“In 1892, Bombay is the center of British India. Nearby, Captain Jim Agnihotri lies in Poona military hospital recovering from a skirmish on the wild northern frontier, with little to do but re-read the tales of his idol, Sherlock Holmes, and browse the daily papers. The case that catches Captain Jim’s attention is being called the crime of the century: Two women fell from the busy university’s clock tower in broad daylight. Moved by Adi, the widower of one of the victims — his certainty that his wife and sister did not commit suicide — Captain Jim approaches the Parsee family and is hired to investigate what happened that terrible afternoon.
But in a land of divided loyalties, asking questions is dangerous. Captain Jim’s investigation disturbs the shadows that seem to follow the Framji family and triggers an ominous chain of events. And when lively Lady Diana Framji joins the hunt for her sisters’ attackers, Captain Jim’s heart isn’t safe, either.

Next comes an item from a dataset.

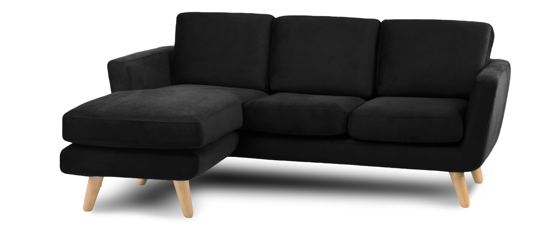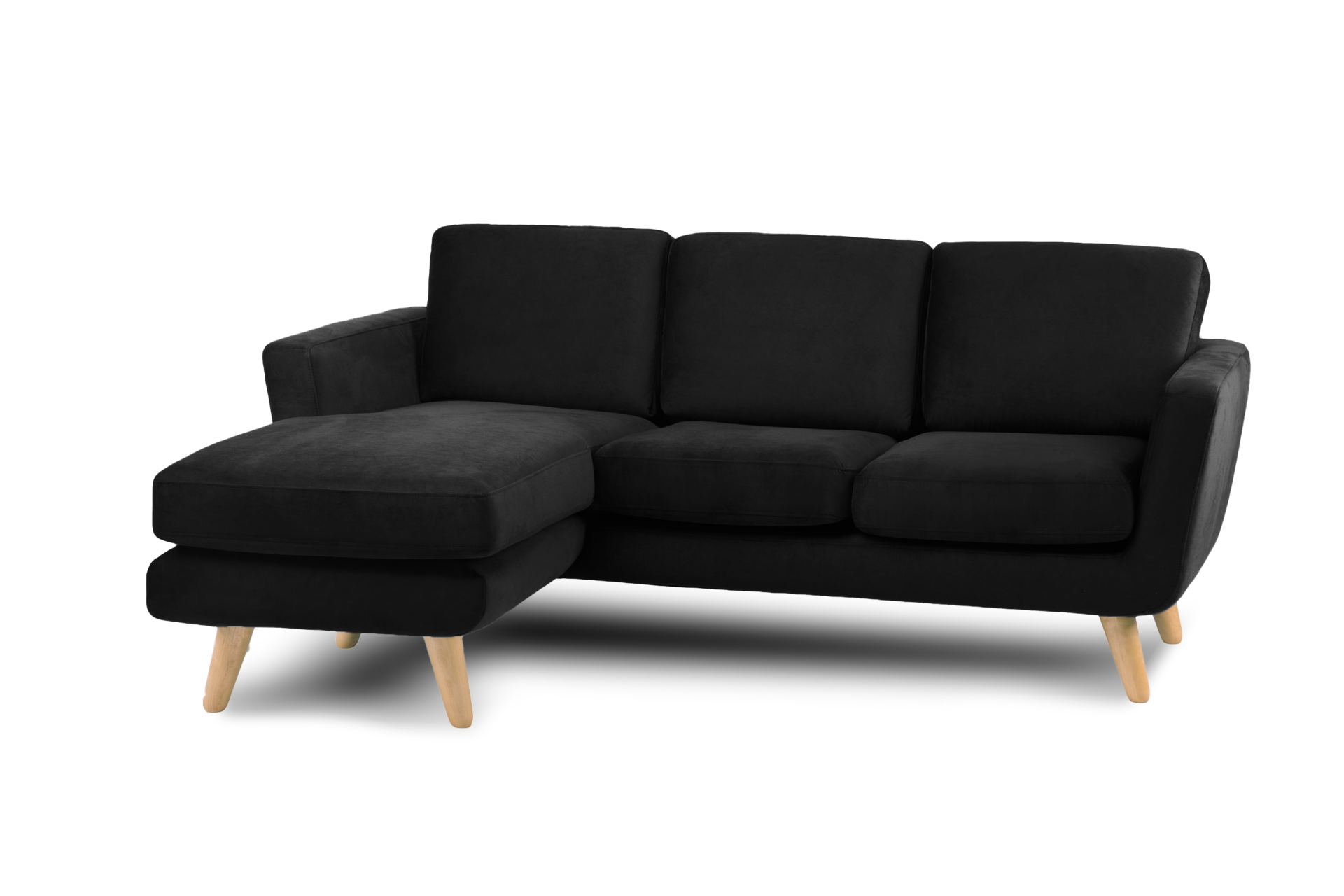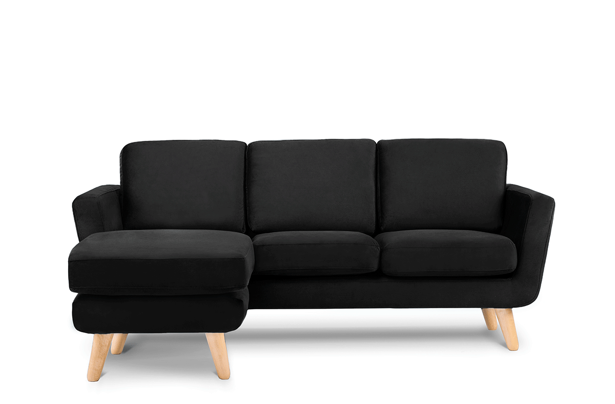 TAGIO zobacz całą kolekcję Czarny skandynawski narożnik z pufą / otomaną lewy - kolor czarny

Based on a true story, and set against the vibrant backdrop of colonial India, Nev March’s Minotaur Books/Mystery Writers of America First Crime Novel Award-winning lyrical debut, Murder in Old Bombay, brings this tumultuous historical age to life.” – Amazon
This debut mystery novel, Murder in Old Bombay by Nev March is a visual and historical delight. The reader quickly gets swept into the mystery of what happened to two young women in a well off Parsee family. Murder in Old Bombay takes place over months so the reader is really able to get a look into this family’s life and learn so much about all the characters.
And even though there are a lot of characters, March’s descriptions of the various character’s physical beings and dispositions are done so well, that I was never confused as to who each person was. I have had this happen with previous historical novels that had a large cast of people.
There are a lot of plot lines and things happening, but March’s style of writing makes everything easy to keep track of, and the mystery itself was very interesting. It wasn’t just one thing that was going on so it made solving the mystery even more fun.